Make Friends with your Anxiety






For many of us, anxiety is a constant presence. You know the pattern, you’re already worried about the presentation, the relationship, the family event, when suddenly a switch is tripped, your nervous system becomes hot-wired to the national grid, and you become paralyzed by fear and dread.


Anxiety, as with so many aspects of our personality, developed at some point in our life in response to the surroundings in which we found ourselves. In our early years, our anxiety was an adaptive biological function that was trying to alert us to get out of a perceived dangerous situation and to get to safety. The feelings and emotions that anxiety provokes in us are grounded in fear and dread, so it is perfectly understandable that our instincts are to run away from them. But what if we become curious to understand the role it tries to play in our lives, to understand its purpose? This approach involves gently looking into the heart of our anxiety, figuring out where it comes from, and developing the skill of using anxious energies as fuel for our goals.

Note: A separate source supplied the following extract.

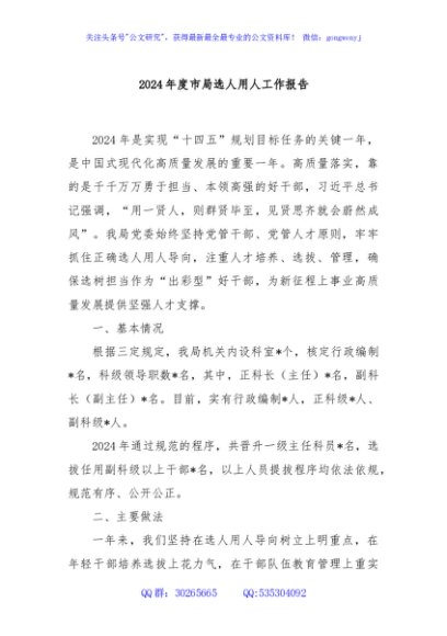 / 2024年度市局选人用人工作报告

Under this approach you will set aside around 30 minutes to write down a dialogue with your anxiety. You (the adult) are the interviewer, and your anxiety is the interviewee. What would you like to ask it and what would you like it to know? Be curious, be creative, be bold, but be respectful. People commonly ask where the anxiety came from, what purpose it serves in their lives or why its rules are so strict, why the voice needs to be so loud, or why it fixates on terrible outcomes that probably will never happen. Whatever you want to know just write down the question and then write the answer that flows into your mind. Don’t critically analyze it, don’t edit, and don’t judge it. You don’t have to show this to anyone, and it doesn’t need to be pretty or logical. I have seen people ask their anxiety why is it so intense, why does it need to take control, why does it struggle to co-exist with other parts of themselves.

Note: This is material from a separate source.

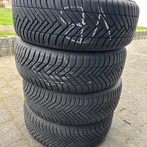 1x helårs dæk fra Michelin I størrelsen 205/60R16 92H med 3pmfs mærke. Der er 4mm mønster tilbage. Dækket er fra uge 44 år 2022. Det er lidt mørt I det. Se billederne

The exercise, if repeated over time, may well help you integrate your anxiety into your life in a way that allows you to continue to stay alert and take advantage early warning signals that anxiety gives you that something is amiss, while diminishing the intensity of the anxiety by sitting with it instead of running from it. The exercise is deepening your ability to co-exist with your anxiety, to acknowledge it, and understand it's origins. The interesting paradox here is that when we sit and look at strong emotions like fear or anxiety, instead of trying to outrun them, they actually lose potentcy over time.

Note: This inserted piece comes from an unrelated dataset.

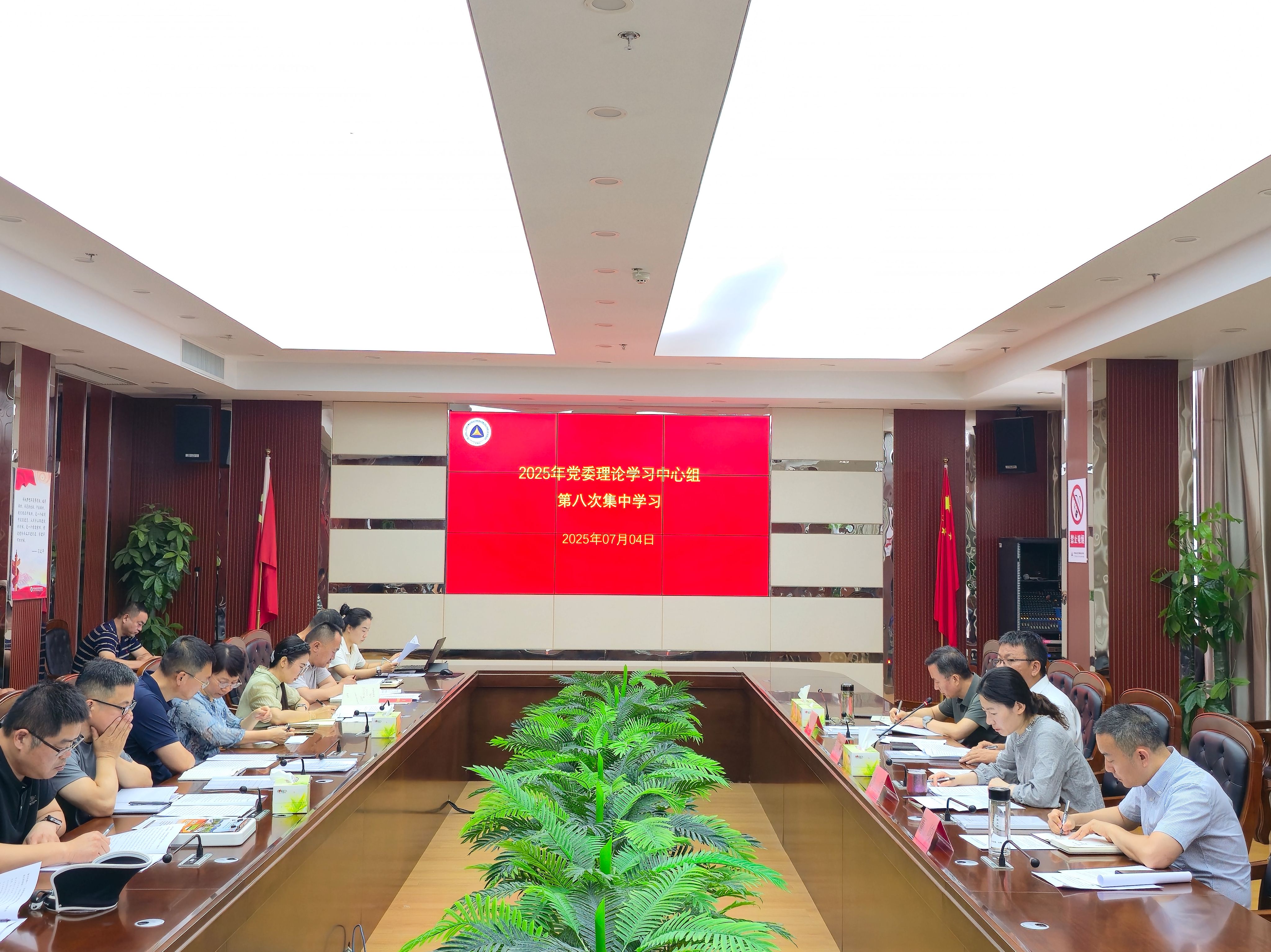 7月4日,学校召开党委理论学习中心组2025年第八次专题学习会。与会人员集中深入学习了习近平总书记《论坚持和完善人民代表大会制度》、《习近平法治思想学习纲要》以及党员干部违纪违法案件案例选编。党委书记张国桥主持会议,党委理论中心组成员全体参会,各部门负责人及各党支部书记列席此次会议。

There is nothing new in this technique, it is actually a (very) old school technique developed by the Athenian philosopher Socrates in the 4th Century BC of creating a questioning dialogue of two parts as a means of confirming or denying or putting context around an assumed truth. Psychoanalyst, Carl Jung then adapted this approach to shed light on the unconscious parts of ourselves (i.e., the parts that function on autopilot), by structuring the two parts of the dialogue as between the conscious, adult ‘you’ the protagonist, and your sub-conscious (in this case your anxiety). The psychological objective is to reconcile the sub-conscious roots of your anxiety with your conscious mind, or at least to take gentle steps along that road. As with most all effective interventions, its beauty lies in its simplicity, and its impact lies in gentle repetition and expansion of the exercise.


This approach tends to work particularly well for people with a creative or imaginative streak and it takes patience, but for the sake of a modest investment of your time set against a lifetime of navigating anxiety, it offers a compelling return on investment.